Fourth-round rookie receiver Amon-Ra St. Brown did establish a nice connection with his new quarterback, which was encouraging.

“The preseason is totally different than regular season,” Goff said after the game. “I think in the preseason, we’re running our plays. No matter what they’re putting out there on defense, we’re running our plays, just trying throw completions, move the ball down the field and I thought we did a pretty good job of that on the second drive. I thought A-Lynn [offensive coordinator Anthony] Lynn was calling it pretty well there and we were able to move the ball down the field. But in games—in regular season games—there’s different plays and different calls, different looks you’re looking for to take those shots.”

It was about what you’d expect from Goff, really. Every quarterback is a system quarterback, but some need to be propped up by systems more than others, and we all know on which side of the equation Goff lives. And you will always see a combination of the mundane and the head-scratchingly bad, with the occasional impressive shot play thrown in just to keep things interesting.

“The outside expectation is low,” Goff recently told Sam Farmer of the Los Angeles Times. “That’s fine. We don’t pay attention to it. But the challenge that I have and we all have is to build this thing from the ground up.”

The outside expectation is low because Goff is a middle-tier quarterback in what looks to be a run-heavy offense, and in such offenses, all he really needs to do is to avoid mistakes. Given his near-pick and sack on two preseason drives, his ability to do that with his new team is inconclusive at best.

Or… maybe it’s all too conclusive, and the Lions are just waiting for the reality to sink in.

Sean McVay wishes he had done more to help Jared Goff

Rams head coach Sean McVay recently reflected on his time with quarterback Jared Goff.

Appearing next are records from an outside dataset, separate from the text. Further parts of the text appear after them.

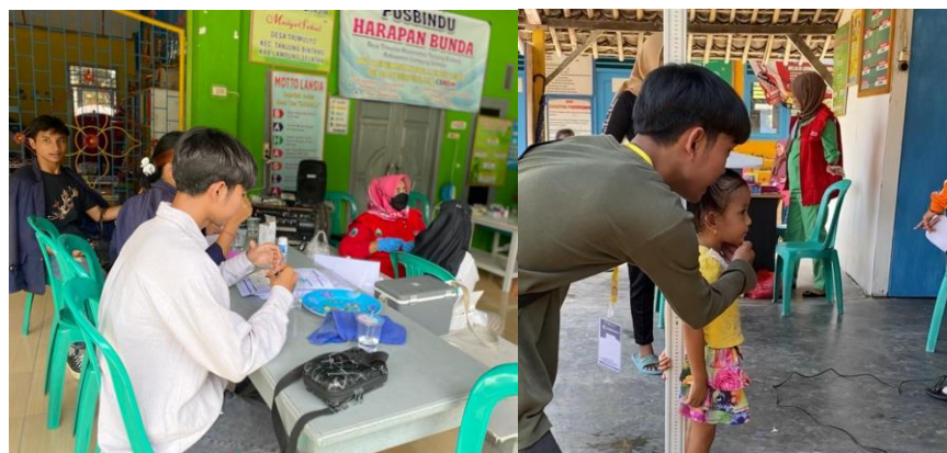
Gambar 1.5 Kegiatan Pencegahan Stunting dan Posyandu Rutin

Kegiatan Posyandu merupakan kegiatan rutin bulanan yang dilakukan secara rutin di Desa Trimulyo untuk meningkatkan peran, serta masyarakat untuk mengembangkan kegiatan kesehatan dan Keluarga Berencana. Sosialisasi ini merupakan langkah serius dalam mengedepankan kesejahteraan masyarakat Desa Trimulyo dengan meningkatkan informasi dan edukasi kepada masyarakat mengenai stunting dan gizi anak.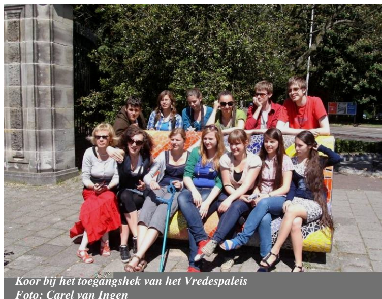
Koor bij het toegangshek van het Vredespaleis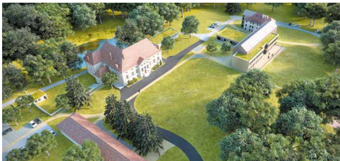
PHOTO 3D DU DOMAINE VUE DU CIEL

Hôtel de charme avec 52 chambres, deux restaurants et bars, un Spa by Sothys, un Golf Pitch & Putt de 9 trous et Le Campus : imaginez votre séjour au cœur d'un domaine, où toutes vos envies deviennent possibles...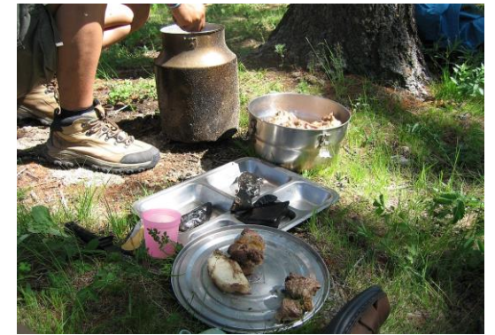
Vidor. (2006, July 1). Khorkhog [Photograph]. mn.wikipedia.org. https://mn.wikipedia.org/wiki/%D0%9C%D0%BE%D0%BD%D0%B3%D0%BE%D0%BB_%D1%85%D0%BE%D0%BE%D0%BB#/media/%D0%A4%D0%B0%D0%B9%D0%BB:Khorkhog.JPG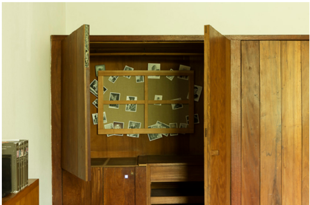
Iñaki Bonillas: Secretos: Men I Love , 2016.

Conversa entre l'artista i el col·leccionista.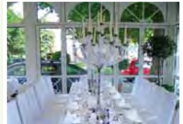
Fête Blanche 2009 Genießen Sie das Fest in Weiß rund um den Wörthersee am 24.07.2009. Vom Getränk bis zum stylistischen Outfit - alles ist in Weiß.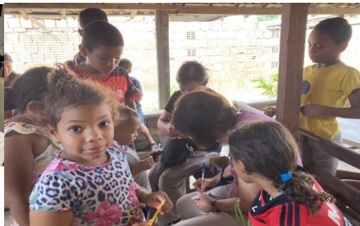
朝食会で折り紙を手にして喜ぶ子供たち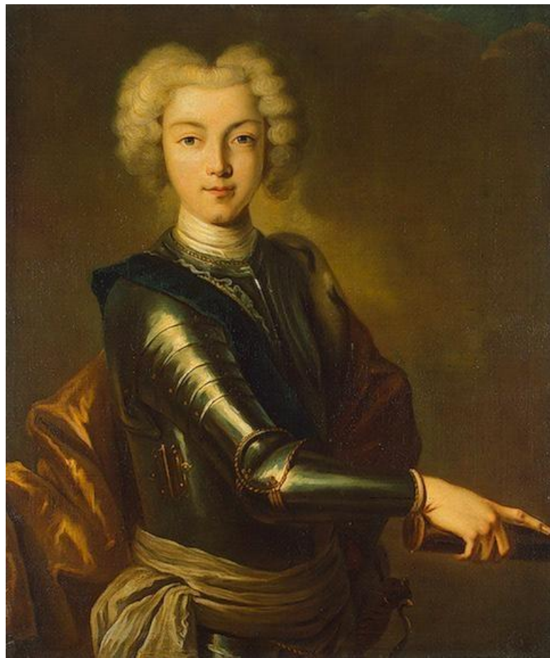
Петр II (1727-1730)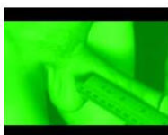
MUSIC Sie machen sich nicht die Mühe. "Napalm ist aller... July 9, 2013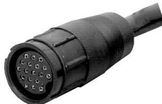
Cable to Cable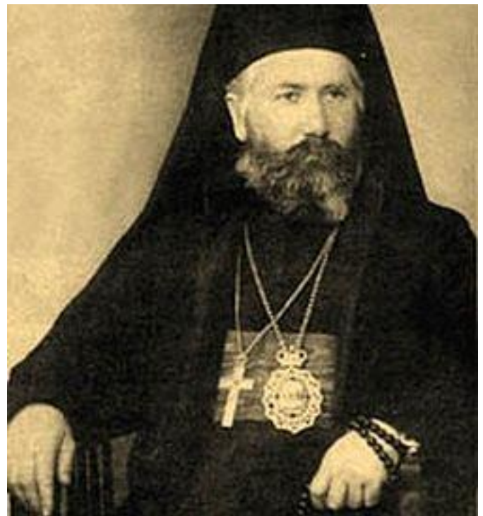
Foto del Santo Nuevo Mártir Joanikije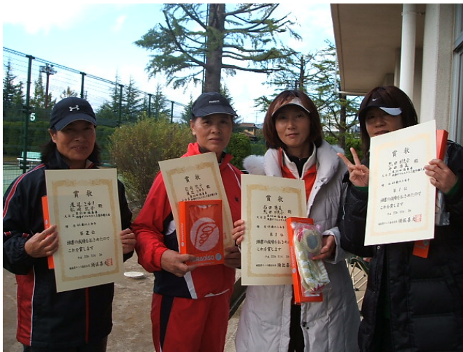
45歳以上女子上位入賞者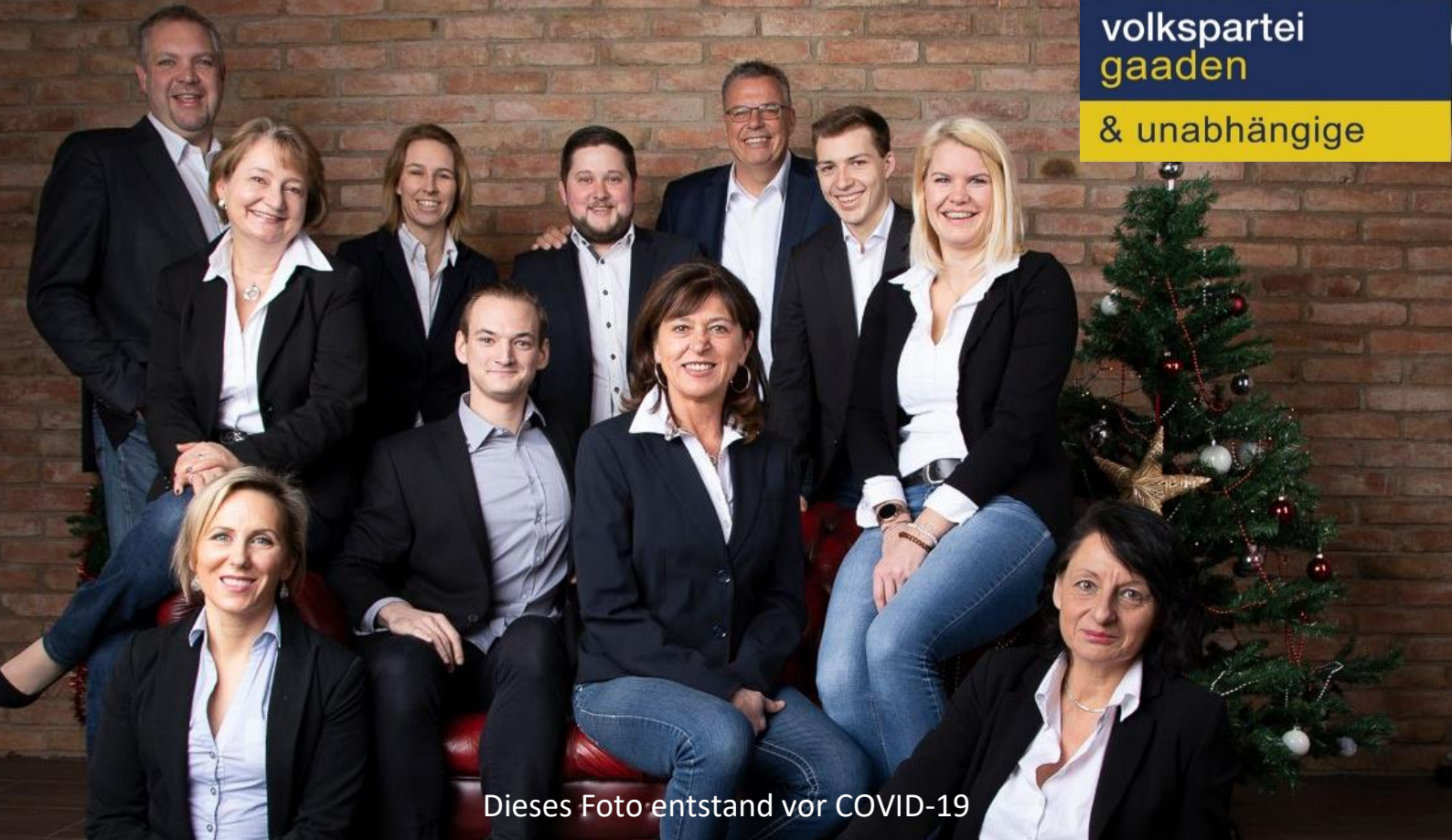
Dieses Foto entstand vor COVID-19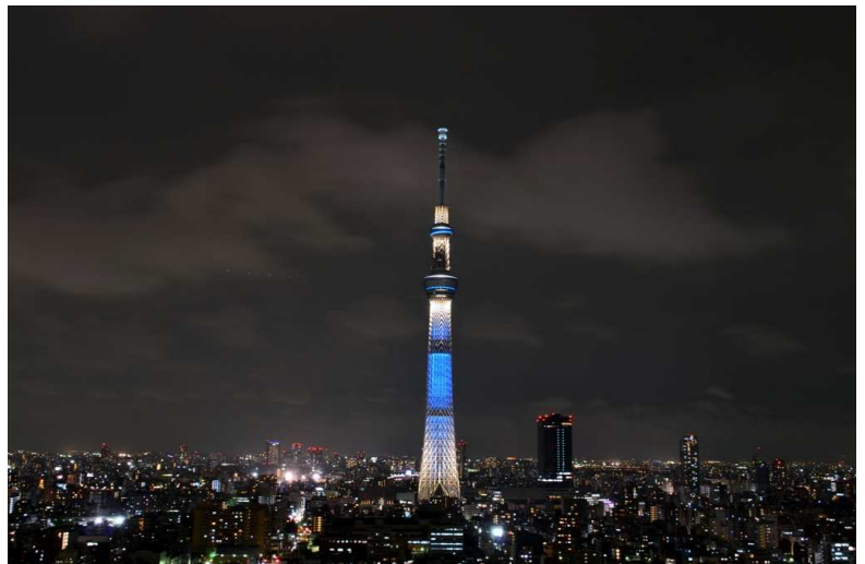
ホテルから見た東京スカイツリー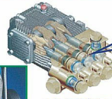
セラミック製3連プランジャポンプ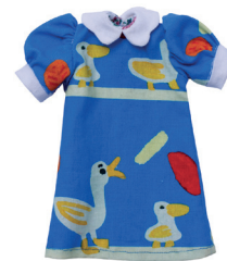
Д Платье с рукавами- фонариками С. 8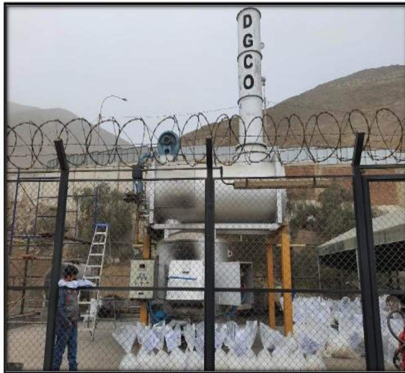
INCINERADOR DE DROGAS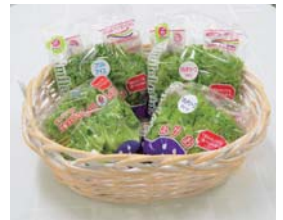
▲工場で作成・販売している製品

会社の概要：株式会社大泉野菜工房の敷地の一部を利用して、2010年に設立。現在、従業員数は2人、敷地面積は840㎡。「あんしんレタスで笑顔の食卓」をキャッチフレーズとし、温度・湿度・養液濃度・照明時間などを管理した完全閉鎖型植物工場ではレタスを栽培しています。外から遮断された密閉空間なので、害虫の侵入がないなどの理由で無農薬栽培ができ、天候に左右されないため、一年を通して安定供給が可能となっています。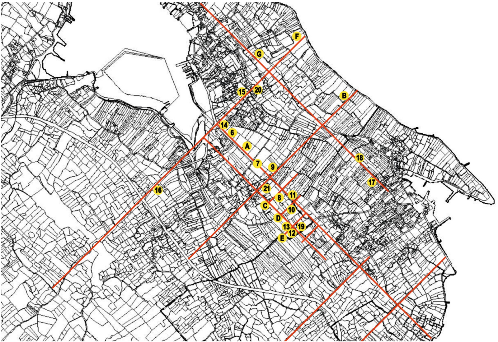
Slika 4. Današnji katastar između Poljane i Sutomišćice s istraženim prikazom podjele na centurije i heredije. Prikazane su linije centurija B i G, linije heredija A, C, D, E i F, a brojevi označuju mjesta na kojima su snimljene fotografije (slike 6–21).

Fig. 4 The modern cadastre between Poljana and Sutomišćica, with the area researched for division into centuriae and heredia . The centuria lines are marked as B and G, the heredium lines are marked as A, C, D, E, and F, and the numbers mark the places where photographs were taken (Figures 6–21).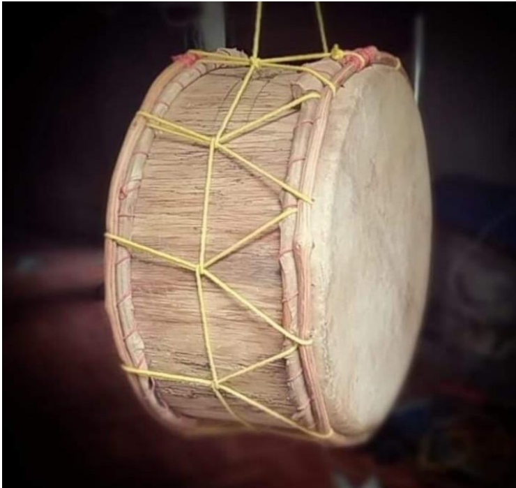
Figura 19.19 Instrumento musical - La Bomba 19

Me basé en estos aspectos para dar a entender de que aún hay esperanza en los niños, esperanza que a través del tiempo será transmitida de generación en generación, en las instituciones educativas y también en los diferentes grupos afro – culturales existentes en el Ecuador.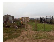
Fotografia 01. Vista da invasão do bairro Nova Santa Marta.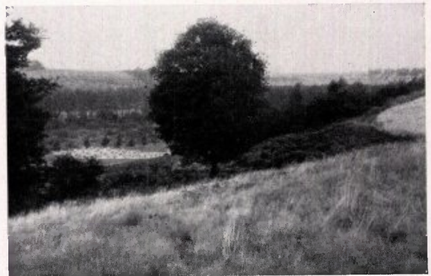
WESTHELLING VAN DEN ST. PIETERSBERG MET UITZICHT OVER HET JEKERDAL 1

Gelukkig is er in zoo'n rijke omgeving nog zeer veel overgebleven, niet het minst op het gebied der flora. Hoe zou dit anders kunnen bij een zoo verscheidenheid van bodem-gesteldheid? In en langs den Jeker vindt men vele waterminnende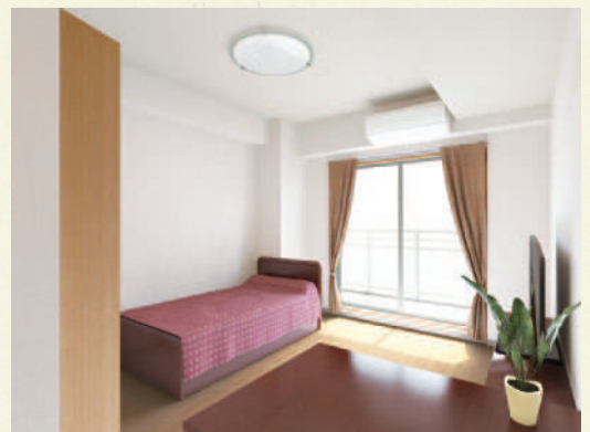
居室イメージ（家具は付いておりません）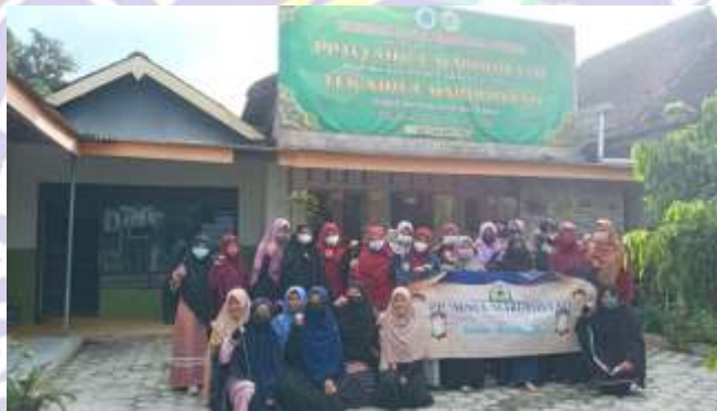
Foto setelah kegiatan pengabdian masyarakat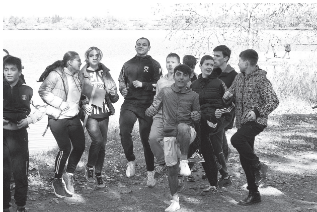
Разминка перед стартом

Много хороших слов было сказано на прощанье организаторам этого туристского праздника. Команды благодарили за предоставленную возможность встретиться и пообщаться со сверстниками, с удовольствием посоревноваться, отдохнуть на природе, попеть и повеселиться. На память о слёте осталось много интересных фотографий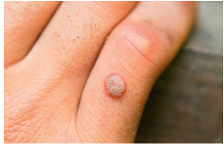
die Warze wart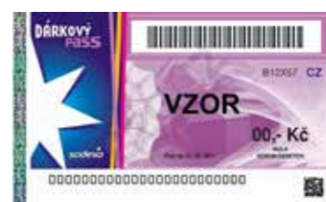
130 POUKÁZKY SODEXO 150 bodů dárkový pass v hodnotě 500 Kč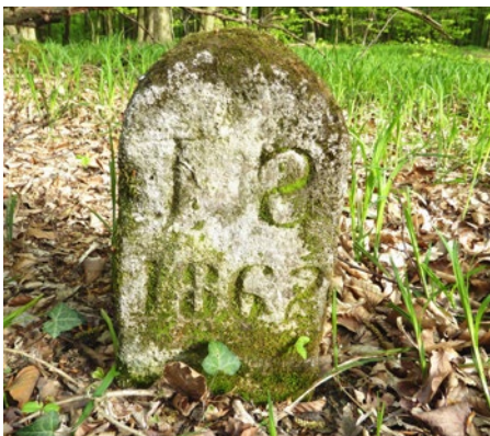
Spariská (MK.J.S. 1862)

Viditeľné hraničné kamene nájdeme na okraji záhradkárskej osady predstavujúcej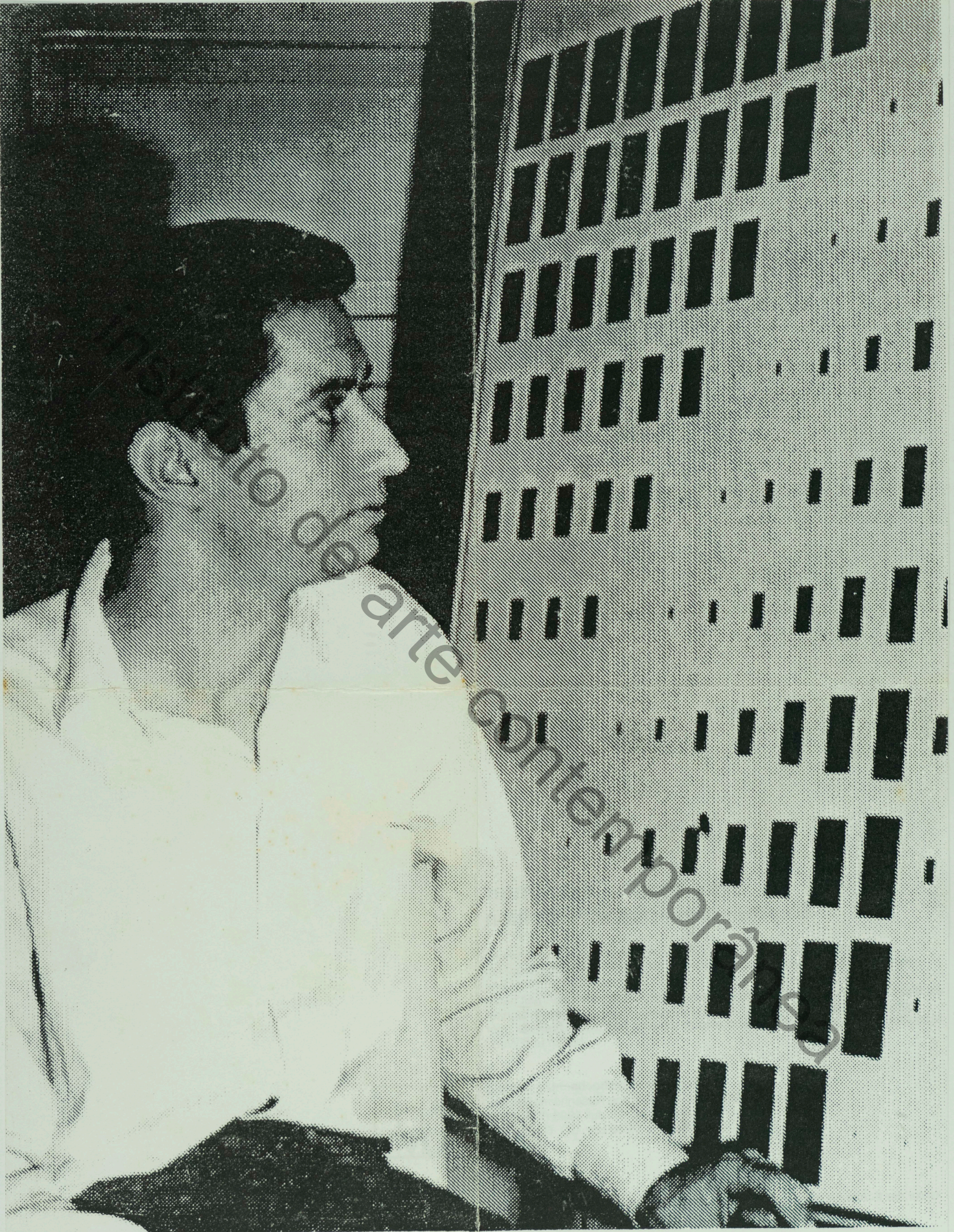
Ivan Serpa - Konkreter Expressionismus in Brasilien

When the Rams traded quarterback Jared Goff to the Lions in early February, along with two future first-round picks and a third-round pick, for quarterback Matthew Stafford, it said two things very clearly: First, Rams head coach and offensive shot-caller Sean McVay was tired of designing his playbook around Goff’s obvious limitations. Second, Stafford provides many more options in the passing game with his mobility and ability to make throws all over the field.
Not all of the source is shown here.